Le Délit s’est entretenu avec Juliette Chesnel, commissaire aux Affaires francophones.

Sanjna Somaiya

Le Délit (LD) : Quels ont été tes engagements importants en tant que commissaire aux Affaires francophones ?

Juliette Chesnel (JC) : J’ai fait une intervention avec Manon Lemelin auprès des étudiants de première année. Puisque la commission n’a été rétablie que l’année passée, j’ai trouvé ça pertinent d’aller informer les étudiants entrant à McGill de son existence. Ce qui m’a surprise, c’est que de nombreux étudiants francophones ignoraient qu’ils pouvaient remettre leurs travaux en français. Je pense que c’est récurrent en général, qu’on soit au moins au courant de nos droits que de nos devoirs. Pour la nuit des activités de l’AÉUM (Activities Night en anglais, ndlr), on a aussi présenté une liste d’activités, de ressources et de clubs francophones, pour les étudiants qui ont un bon niveau de français, ainsi qu’une liste de ressources pour ceux désireux d’apprendre le français. C’est quelque chose qui a bien plu. Sinon, mon travail a été divisé entre la promotion du français et les problèmes de traduction, le gros morceau. D’habitude, ce n’est pas le rôle du commissaire de faire de la traduction et de la révision, mais maintenant, 75% de mon temps, c’est cela.
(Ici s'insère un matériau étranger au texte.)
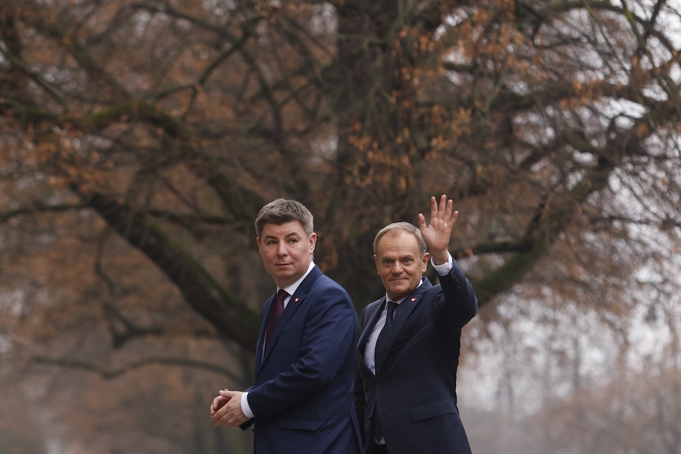Il nuovo primo ministro polacco Donald Tusk e il capo dello staff Jan Grabiec (AP Photo/Michal Dyjuk)
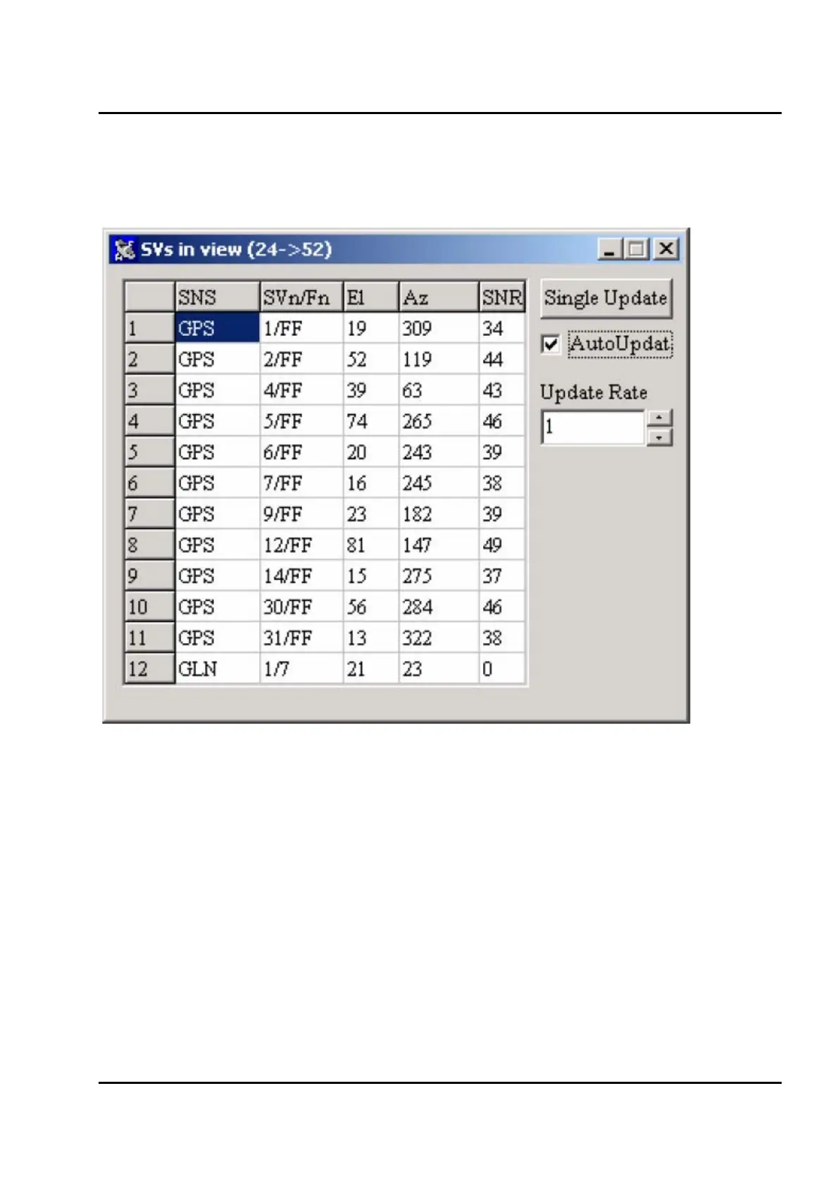 o SNR Signal Noise Ration in dB/Hz. A zero value in this column means that the corresponding SV

D’habitude, ce n’est pas le rôle du commissaire de faire de la traduction et de la révision, mais maintenant, 75% de mon temps, c’est cela 

LD : Vraiment ?

JC : Oui, mais ce n’est pas moi qui fais la traduction. Pour la chronologie, au tout début de septembre, un étudiant m’a contactée pour me dire « attention dans le student handbook (le guide des étudiants, ndlr), il y a des fautes ». Il y avait en effet beaucoup de fautes. Donc, j’ai contacté l’AÉUM, et c’était en fait une ancienne version du guide qui avait été distribuée. Ensuite, il y a eu la première infolettre, et là je me suis dit qu’il y avait vraiment un problème. C’était seulement un des traducteurs qui était responsable, parce qu’il y a en fait deux traducteurs (lesquels sont des emplois étudiants, ndlr). Par la suite j’ai rencontré le Département de communication et je leur ai demandé bien sûr de régler les problèmes de traduction, et ensuite de s’excuser. Faire des fautes n’est forcément pas volontaire, mais ce n’est tout de même pas respectueux. Quand j’ai vu la lettre d’excuse (qui comptait elle-même de nombreuses fautes, ndlr), en même temps que tous les étudiants en passant, il y a eu une plus grande réunion avec plus de personnes. Il fallait régler le problème et on a complètement changé le système de traduction. Les étudiants étaient quand même gardés, et l’AÉUM a embauché une entreprise externe.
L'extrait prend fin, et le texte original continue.